Jouer similarité ou contraste
Soit les saveurs se renforcent, soit elles s’équilibrent. Les deux fonctionnent.
La sauce prime sur la viande
C’est elle qui guide le choix du vin, pas le morceau dans l’assiette.
| Plat | Vin recommandé | Logique de l’accord |
|---|---|---|
| Huîtres | Chablis, Muscadet | Minéralité saline en écho à l’iode |
| Foie gras | Sauternes | Richesse répond à richesse |
| Saumon grillé | Pinot Noir léger | Rouge léger sur chair grasse |
| Agneau | Bordeaux rouge | Tanins et gras en équilibre |
| Fromage de chèvre | Sancerre blanc | Accord de région, acidité en miroir |
| Roquefort | Sauternes, Banyuls | Sucré contre-balance le sel et le piquant |
| Chocolat noir | Banyuls | Complémentarité absolue |
| Plat épicé | Gewurztraminer | Arômes épicés en écho, sucrosité apaisante |
Les 3 règles d’or pour réussir ses accords
Avant de chercher une appellation précise, il faut comprendre la mécanique qui rend un accord réussi.
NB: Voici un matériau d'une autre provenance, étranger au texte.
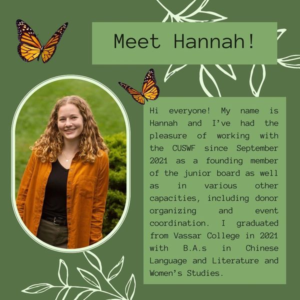 "Hi everyone! My name is Hannah and I’ve had the pleasure of working with the CUSWF since September 2021 as a founding member of the junior board as well as in various other capacities, including donor organizing and event coordination. I graduated from Vassar College in 2021 with B.A.s in Chinese Language and Literature and Women’s Studies. I recently moved from Washington, D.C. to Madison, WI, where I work in healthcare software (while being the sole junior board member representing the Midwest). Working with the CUSWF has been a really fun and rewarding experience, and I look forward to our plans for the future, such as continuing our Gen-Z forums to cover more topics, as well as expanding on our Zero-Waste challenge from our last forum!"

Trois principes suffisent à couvrir la grande majorité des situations. Une fois intégrés, vous n’aurez plus besoin de consulter un guide à chaque repas.
L’accord par intensité
Le principe est direct : un vin et un plat doivent avoir une puissance aromatique comparable. Un poisson blanc cuit à la vapeur, délicat et fin, sera écrasé par un Bordeaux tannique. À l’inverse, un gibier en sauce demande un vin avec de la structure, sous peine de disparaître en bouche.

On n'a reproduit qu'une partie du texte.